If PONV persists, patients will not respond to a second dose of ondansetron because targeting an already blocked receptor is ineffective.2 Promethazine (12.5 to 25 mg IV) is the next optimal choice. Another virtually unknown alternative treatment was studied by Pellegrini and colleagues.12 In this comparison study, the inhalation of 70% isopropyl alcohol (IPA) from a standardized alcohol pad was used to successfully treat breakthrough PONV, after prophylactic treatment with ondansetron. The IPA group reported a faster time in reduction of PONV and an overall decrease in the antiemetic requirements. The implications of this study are fascinating, and the option of using IPA inhalational therapy for PONV is a viable one.

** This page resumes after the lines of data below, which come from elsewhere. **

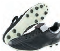
Crampons « moulés » Terrain sec ou dur

Pour entretenir ses chaussures de foot et les faire durer plus longtemps :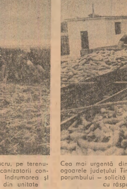
Cea mai urgentă dintre lucrările acestor zile de pe ogorele județului Timiș - transportul și depozitarea porumbului - solicită un efort deosebit care trebuie făcut cu răspundere pentru recolta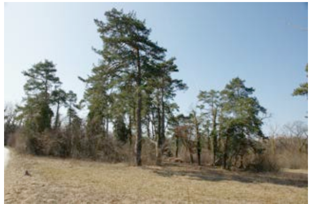
4) Reinacherheide (Reinach)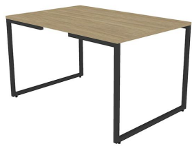
MESA DE JANTAR CORP 25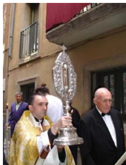
El reliquiari de Sant Miquel dels Sants és conduït, en processó, a la catedral. Vic. 5 de juliol de 2007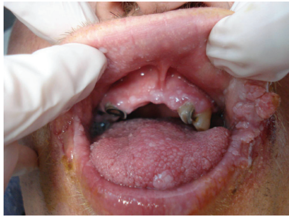
Resim 1. Oral mukozada ve labial kommisürlerde sesil ve vejetatif papüller.

Dermatolojik bakısında bilateral labial kommisürlerde sarı krutların izlendiği birleşmiş verrüköz papüller ve oral mukozada labial ve bukkal alanlarda, dil ucunda ve gingivalarda çok sayıda, yumuşak, verrüköz yüzeyle boyutları 2 ile 14 milimetre arasında değişen kırmızimsı-beyaz ve normal mukoza renginde sesil papüller saptandı (Resim 1). Oral hijyeni bozdu. Bilateral ellerde hem dorsal hem palmar alanlarda ve parmaklarda deri renginde hafif keratozik papüller mevcuttu. Anogenital mukoza olağan görünümdeydi.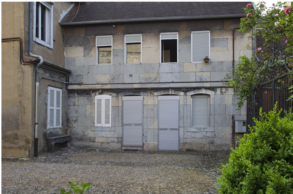
Vue du quatrième logis secondaire, au fond et à gauche de la cour : de face.

25, Besançon, 14 rue Mégevand, lieudit : îlot Mairie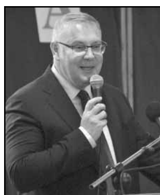
A ballagókat köszöntötte dr. Mokán István, városunk polgármestere is

A szépen feldíszített iskola falai között 22 végzős diák indult el a számunkra utolsó csengőszó felhangzása után. Énekszóval, vidáman és egyben szomorúan járták végig a tantermeket, hogy elköszönjenek a megannyi édes és bús emléket rejtő termektől. A ballagás a tornacsarnokban folytatódott, ahol szép számmal gyűltek össze a ballagóktól búcsúzó családtagok és barátok.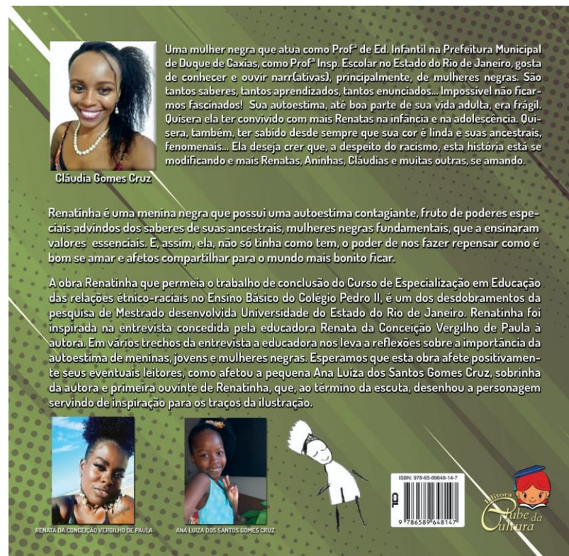
FIGURA 2. Renatinha - Quarta capa

In a randomized controlled study, Pellegrini and colleagues12 evaluated the efficacy of using 70% isopropyl alcohol (IPA) in the treatment of postoperative nausea and vomiting (PONV) in two separate groups of patients that were high-risk for PONV. Patients were selected and randomly assigned into two different groups. Both groups received general anesthesia using similar medications and intravenous (IV) ondansetron intraoperatively before extubation. When the patients arrived in the postanesthesia care unit (PACU), the control group was given promethazine (12.5 to 25 mg IV) upon complaints of nausea. This dose could be repeated in 30 minutes up to a total dose of 50 mg IV. The experimental group of patients was treated with a commercially available 70% IPA pad upon complaints of nausea. The IPA pad was folded in half and placed 0.5 inches from the nares of the patient. The patient was then instructed to deeply inhale three times through their nose. The IPA treatments were to be given every 15 minutes for three applications. Demographics, a verbal numeric rating scale (VNRS) for nausea, the time it took to achieve a 50% reduction in the VNRS scores, and the overall antiemetic incidence of PONV per group were measured. The results showed no differences in the demographic variables or the baseline measurements between groups. There was a similar incidence in PONV between groups. However, the IPA group reported a faster overall time to 50% reduction in VNRS scores when compared to the control group. In addition, a decrease in the overall antiemetic requirements of the IPA group was noted.
Source: Pellegrini J, et al: Comparison of inhalation of isopropyl alcohol vs promethazine in the treatment of postoperative nausea and vomiting (PONV) in patients identified as at high risk for developing PONV, AANA J 77:293–299, 2009.
Not all ophthalmic surgical patients will have postoperative pain. Patients who receive examinations under anesthesia, cataract removal, nasolacrimal duct probing, and some glaucoma surgery, pain is usually minimal. Topical and regional anesthetics are beneficial in that they will typically last throughout the procedure and into the immediate postoperative period. This will allow the patient to progress rapidly into phase II of recovery, from which discharge will be possible within a short amount of time. These patients typically arrive in the PACU awake and alert.13 It is expected for those having longer ophthalmic procedures under general anesthesia to experience a moderate amount of pain. Opioid analgesics can cause nausea and vomiting, but the importance of controlling pain in the postoperative period takes priority. Opioid analgesics can also help to reduce coughing and decrease the incidence of emergence delirium in pediatric patients. Giving intravenous nonsteroidal antiinflammatory medications can also be a feasible option for controlling postoperative pain. Ketorolac (0.5 mg/kg) IV can be as effective as fentanyl (1 mcg/kg) or morphine (0.1 mg/kg) for postoperative pain in strabismus surgery patients without increasing PONV. Ketorolac has several advantages over opioids, in that it does not cause respiratory depression, sedation, or nausea and vomiting. A single dose will last approximately 6 to 8 hours. Conversely, ketorolac is eliminated through the kidneys and should not be given to patients with renal disease.11
Depending on the procedure, the patient will usually have some type of sterile dressing or patch covered by an eye shield over the operative eye (Fig. 33-6). It is imperative that this dressing is not disturbed by the patient. Damage can be done to delicate sutures, resulting in excessive bleeding and possibly an unexpected return to the operating room. Continual reorientation and vigilant observation of the patient is necessary to prevent rubbing the eyes or removing the dressing. A small amount of serosanguineous drainage can be expected. Reinforcement of the initial sterile dressing is appropriate. If the dressing becomes saturated or is removed in any way, the surgeon will need to be notified immediately to assess the operative eye and to replace the dressing.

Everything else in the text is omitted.